A working group comprising American and European officials, namely Britain, France, and Germany have begun talks to develop a “side agreement” to the Iran nuclear deal supposedly aimed at easing US President Donald Trump’s complaints about the pact, according to US Secretary of State Rex Tillerson.
“It (the working group) is a way for the State Department and the E3/EU to keep the JCPOA in place, or at least to keep the US in it,” Riccardo Alcaro, an expert in transatlantic political and security relations with a focus on US-European cooperation in Europe’s neighboring regions, told the Tasnim News Agency.
He added, “The way to do that is to give Trump something he can seize on to say: I've changed things and keep waiving JCPOA-related sanctions”.
“Whether that is doable remains an open question. As you know, Trump wants the sunset clauses of the JCPOA extended - which cannot be done without Iran's consent - and Iran's ballistic program curbed, which is unrelated to the JCPOA,” the Brooking senior fellow noted.
Alcaro expressed the hope that the trio would do their best to convey the message that the JCPOA cannot be changed.
“My hunch or my hope is that the E3/EU will convey the message that the JCPOA cannot be changed but consensually and that change will have to involve not only more demands on Iran but also more concession to Iran. Hard to see Trump do anything of the sort,” he said.

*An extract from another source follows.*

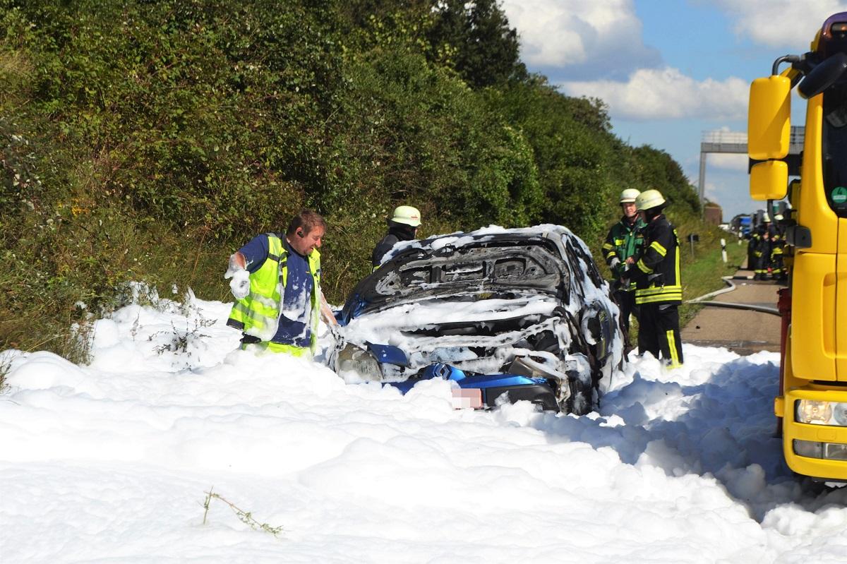Un Renault a luat foc pe autostradă, pompierii l-au acoperit cu spumă, în Germania

Noting that Iran’s ballistic missile program has nothing to do with the JCPOA, saying, "As for the ballistic program, perhaps the E3/EU will agree that it represents a source of concern, but will insist and probably not accept anything that links the fate of the JCPOA (including the sanctions relief mechanism) to measures against Iran's ballistic missile”.
“In conclusion, I am confident that the Europeans want to engage with Tillerson so that they may find a way out for Trump to keep the JCPOA in place without losing face. I am not sure there is such a way, though.”
The Italian analyst further said that if the Europeans agree to measures that run counter to the spirit of the international deal, they will have “squandered their most significant foreign policy success so far.”
“As said, I am confident they will not do that, but my confidence has limits,” he stressed.
Since the historic deal was signed in Vienna in July 2015, the International Atomic Energy Agency (IAEA) has repeatedly confirmed the Islamic Republic’s compliance with its commitments under the JCPOA, but some other parties, especially the US, have failed to live up to their undertakings.